Inside her office, Dr Tamika was reviewing the PET scans and mulling over what to say to Melanie. After 20 years in practice, it seemed like having these conversations had gotten only harder. Surely someone as bright as Melanie had Googled pancreatic cancer and seen the adjectives (deadly, devastating) and the clichés (‘the tumour that gives oncology its reputation’) that go along with this particular malignancy. She had undoubtedly already uncovered the fact that long-term survival was achievable only in a relatively small percentage of cases. Dr Tamika wanted to provide hope. But, under these circumstances, wouldn’t it be less than totally truthful to talk about hope? Perhaps, Dr Tamika pondered, she should instead speak with Melanie about her goals for the time she had left, preparing her for the likely scenario that it would be only a matter of months. That felt more honest, but wouldn’t Melanie’s hope be crushed?

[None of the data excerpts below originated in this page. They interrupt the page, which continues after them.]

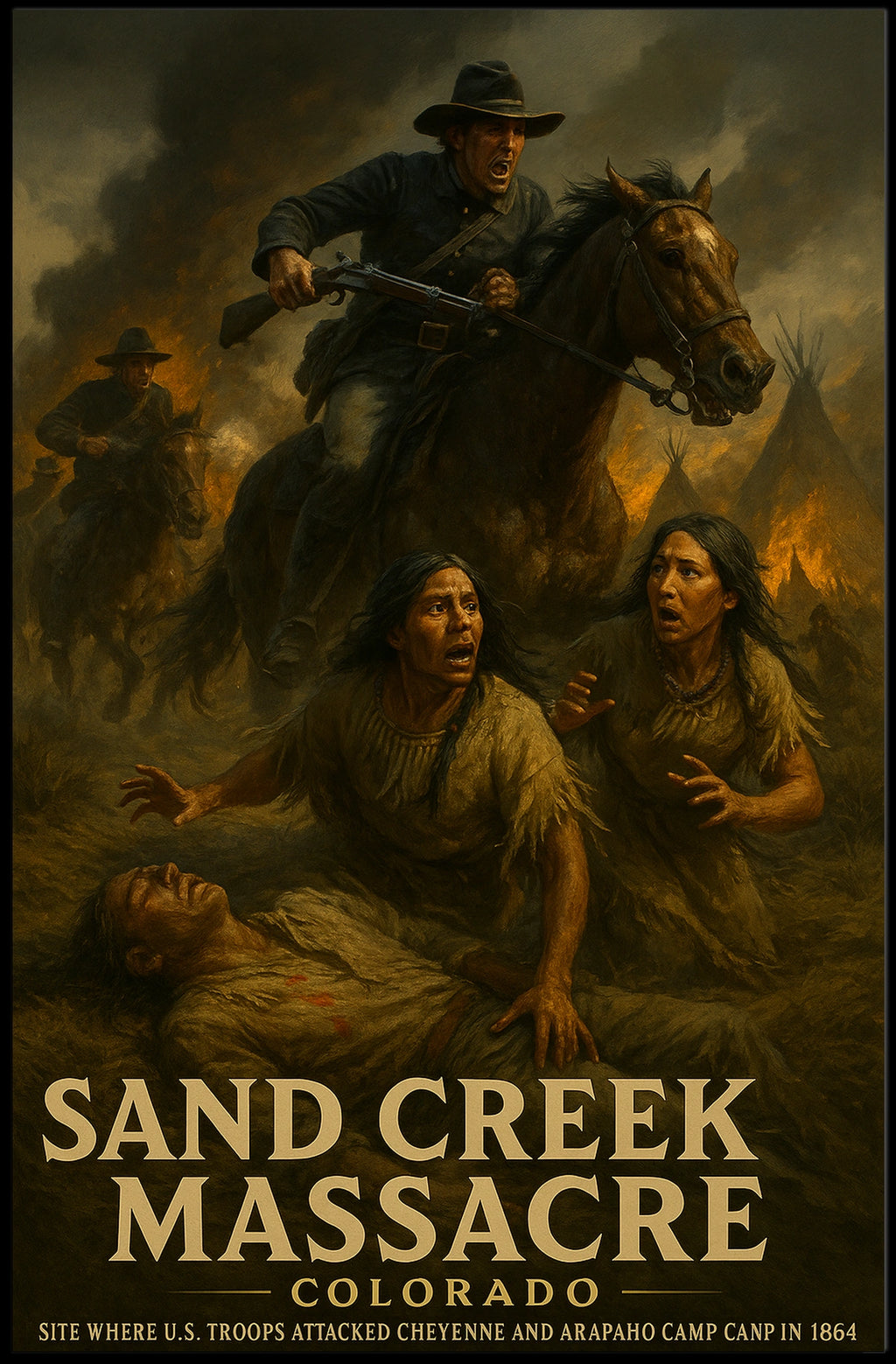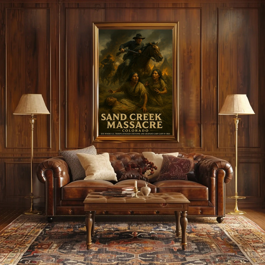Printed with precision and made to inspire, this artwork is more than decoration—it’s a conversation piece that connects history, culture, and style. Bring Sand Creek Massacre Poster into your home, classroom, or office today and let your walls tell a powerful story.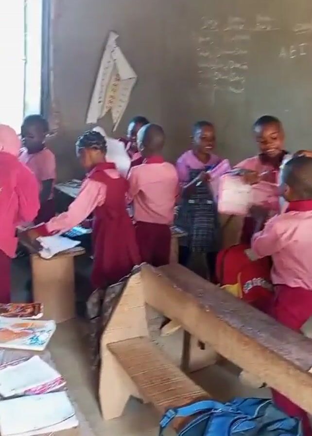 In an indoor setting resembling a classroom, a group of children are seen in a chaotic arrangement. They are dressed in pink shirts and dark maroon or red pants or skirts, possibly indicating a school uniform. The children are standing around wooden desks, some holding notebooks and papers. A few are smiling and appear to be animated or excited. The classroom has a window visible in the background, providing some natural light. Other classroom elements include a chalkboard on the wall and what looks like educational charts. Overall, the scene conveys a sense of a classroom environment with children who seem energetic and possibly engaged in an activity.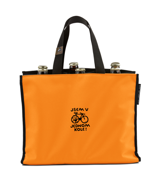 BEER CARRIER - bag for beer with design 1362 JSEM V JEDNOM KOLE in color SIGNAL ORANGE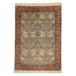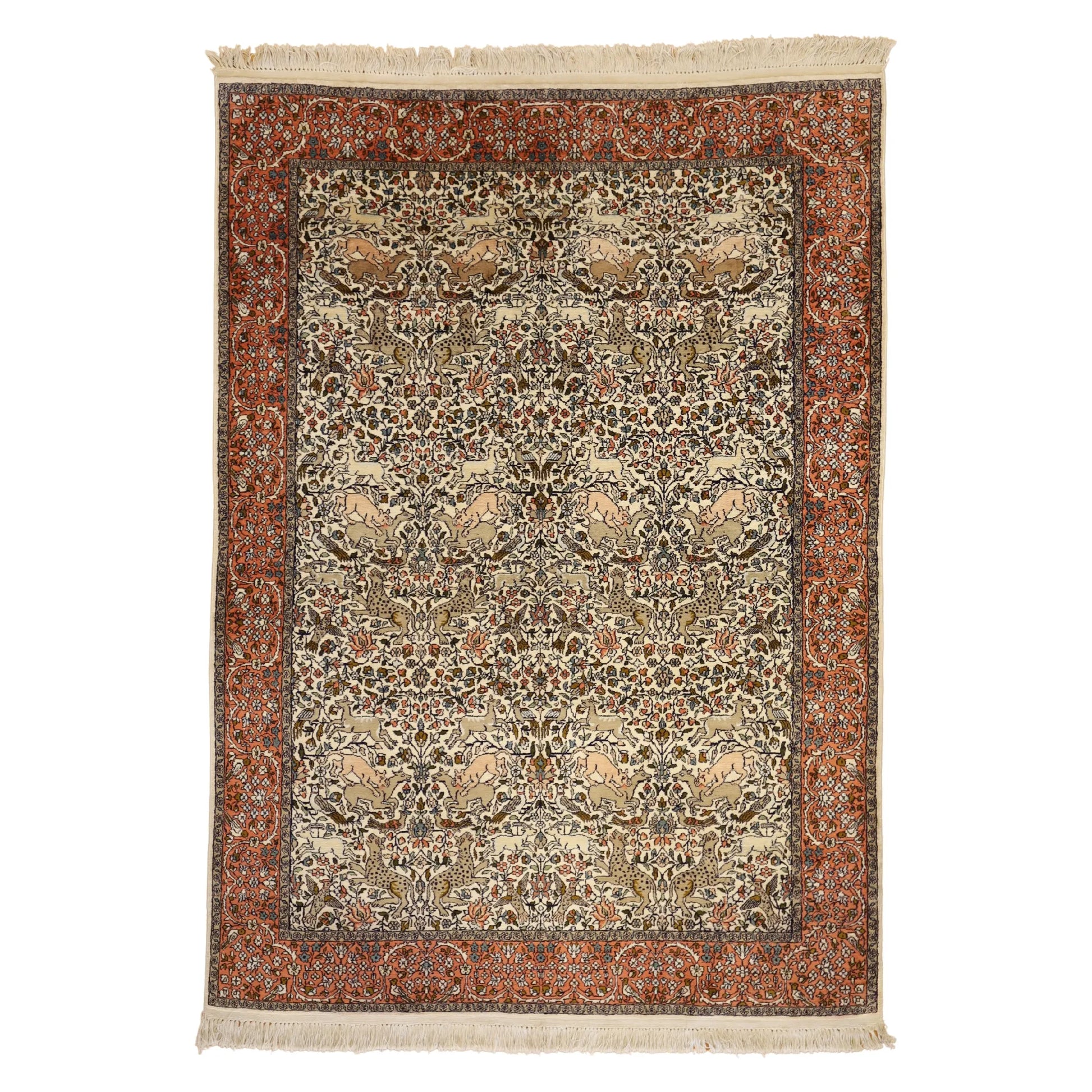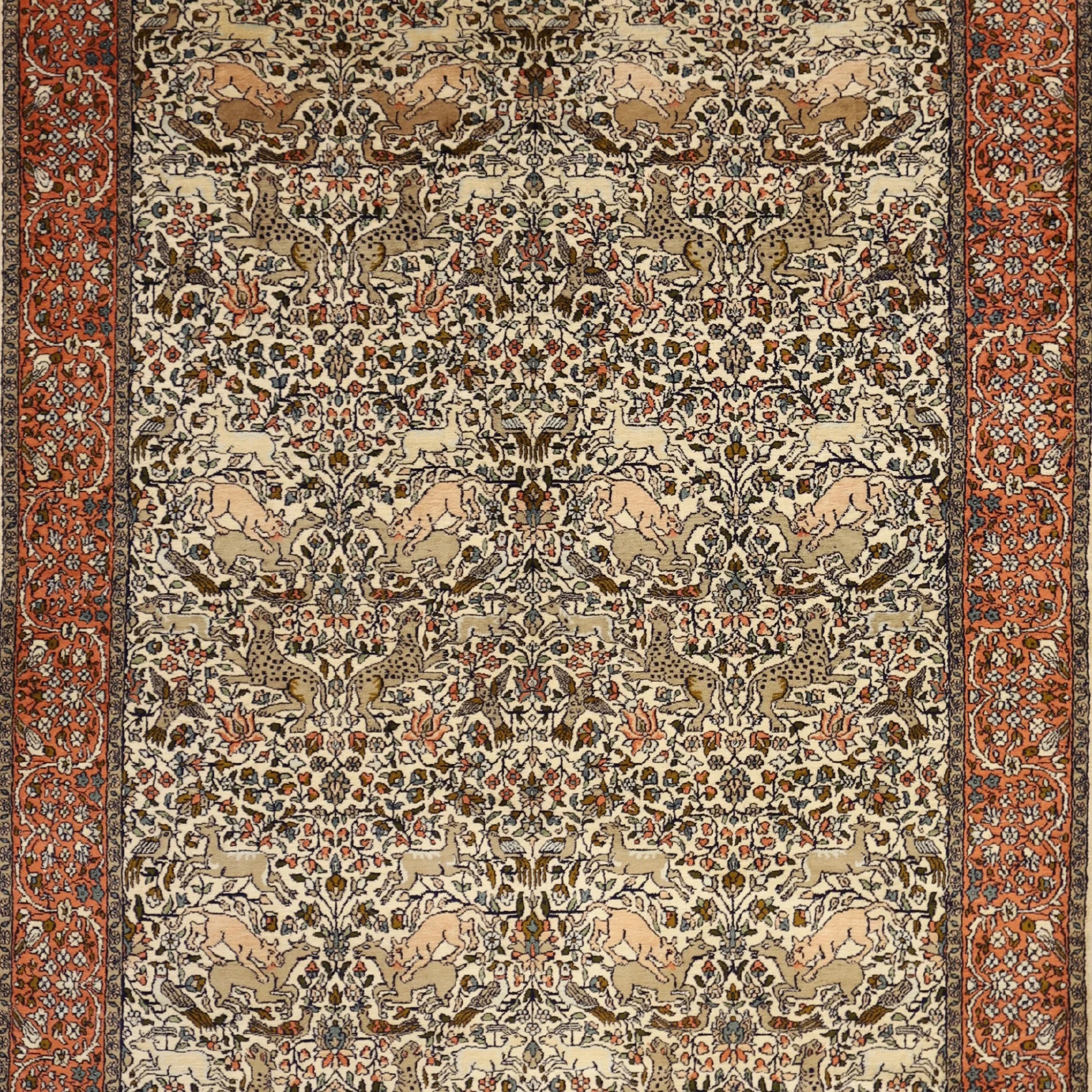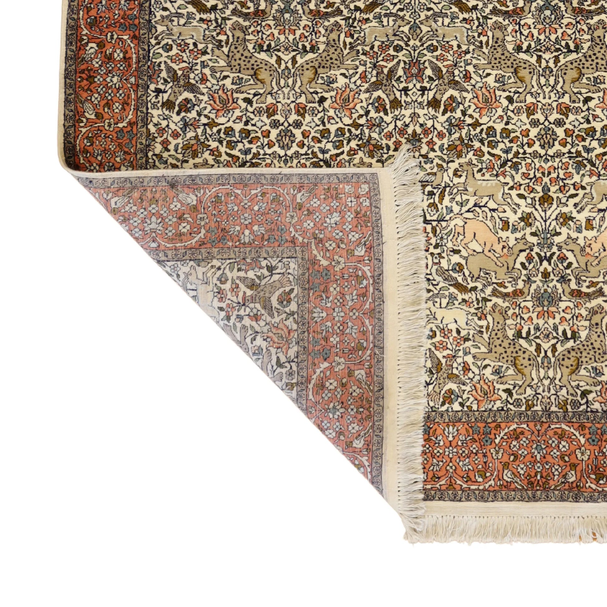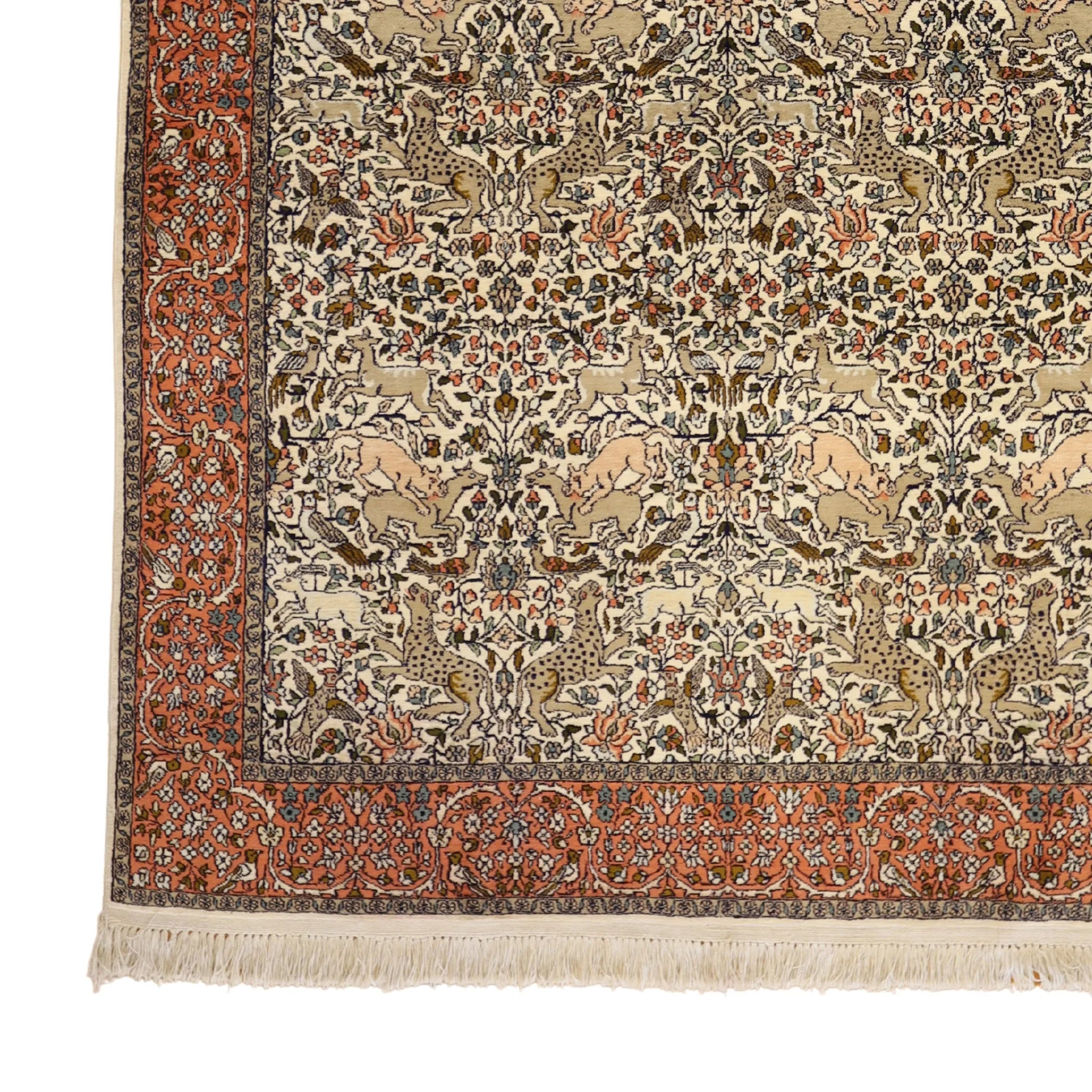 Add a Bold Touch with HUNT SCENE Style. This stunning KASHMAR rug, crafted in a striking geometric style, brings a modern and bold look to your home. The clean, sharp lines and symmetrical patterns on the WHITE base create a dynamic visual effect, making this rug a perfect statement piece. The contrasting PEACH border adds a touch of sophistication, enhancing the overall design. Whether placed in your living room, office, or any open space, the geometric pattern brings structure and energy to the decor. This handmade INDIAN, rug is a long-lasting investment in craftsmanship and style. Measuring 5' 0" x 7' 0", it not only elevates your space but is built to stand the test of time.

Dr Tamika’s thoughts capture what we call ‘the double-bind of hope’. Oncologists and other physicians who care for seriously ill patients such as Melanie often find themselves entangled by such a predicament. On the one hand, they worry that sharing the whole truth about a medical situation might destroy their patients’ hopes, leading to despair. But they also worry about the opposite strategy: that not accurately providing all relevant medical information or putting too rosy a spin on that information could lead patients down a path of false hope, denying them the time and space to emotionally prepare themselves and their families for whatever awaits.
Caught in this bind, physicians are tempted to throw up their hands and conclude that addressing hope isn’t their job. But this isn’t a tenable conclusion either. Ignoring people’s need for hope won’t make it go away.

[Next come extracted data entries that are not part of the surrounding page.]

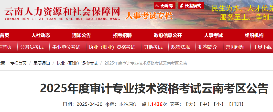 根据《审计署人力资源和社会保障部审计专业技术资格考试办公室关于2025年度审计专业技术资格考试工作有关事项的通知》(审考办字〔2025〕1号)精神,现将云南考区有关事项公告如下: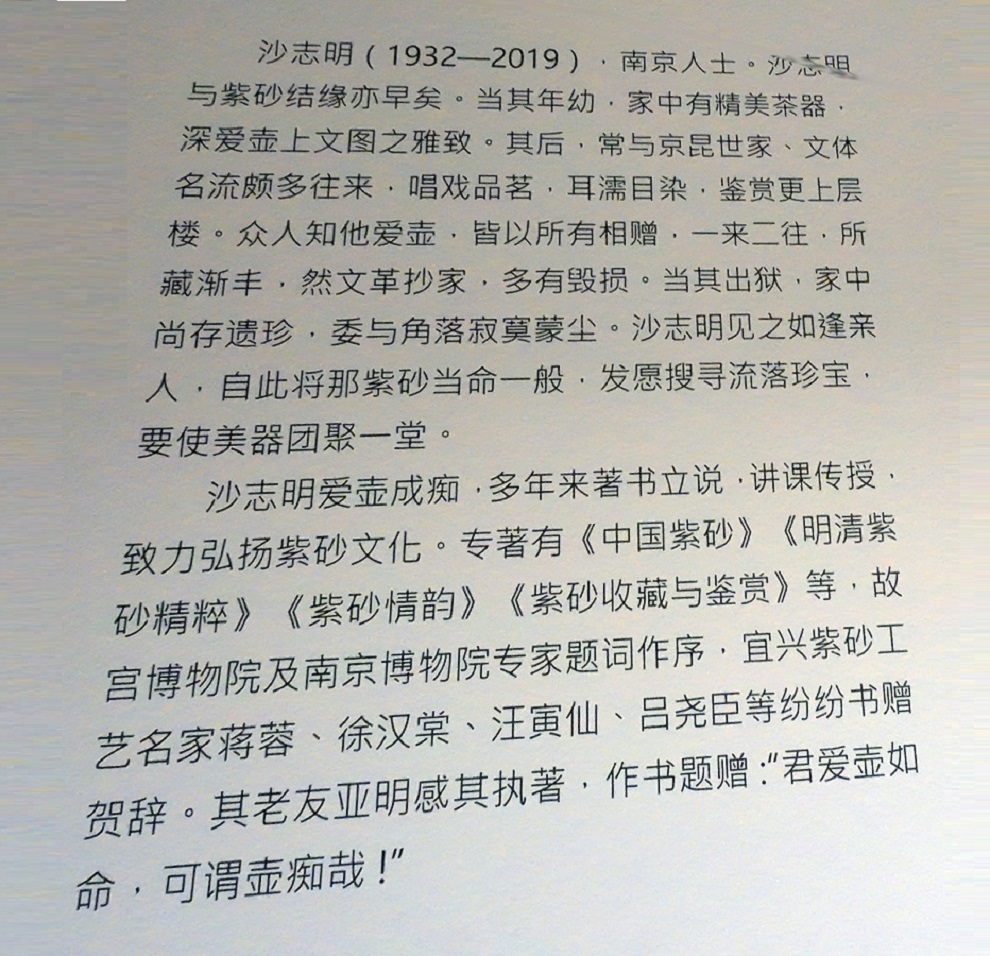 紫砂鉴藏家沙志明,别号壶痴。1932年7月,出生于江苏南京七家湾。少时与京昆世家子弟甘律之友善,习唱京剧,获名家好评。五十年代即有收藏紫砂。收藏老紫砂器一千余件,其中明清名家名作三百件。
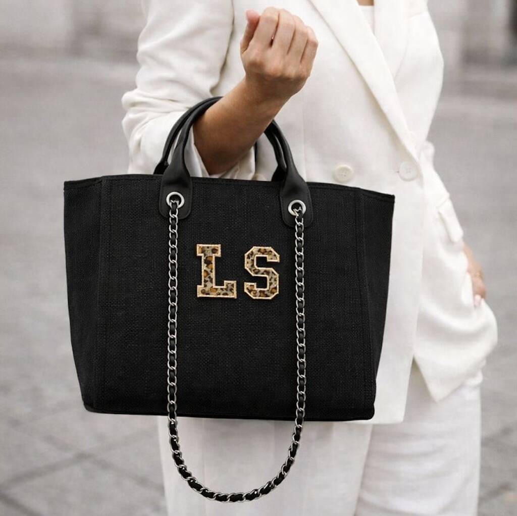 Personalised Leopard Print Patch Chain Large Initial Tote Bags

This dilemma results from an overly narrow view – one commonly held in the medical world – that equates ‘hope’ with ‘cure’. If we buy into this equation, it means accepting that hope simply isn’t accessible for patients for whom cure isn’t possible, unless, of course, they deny the medical truth.
But these treacherous waters are navigable for physicians willing to follow a new body of research in psychology and accept a broader understanding of hope, one that allows the inclusion of difficult truths. And because unpleasant realities permeate our lives beyond the realm of illness, this new understanding may also pay dividends no matter what difficulties we’re facing.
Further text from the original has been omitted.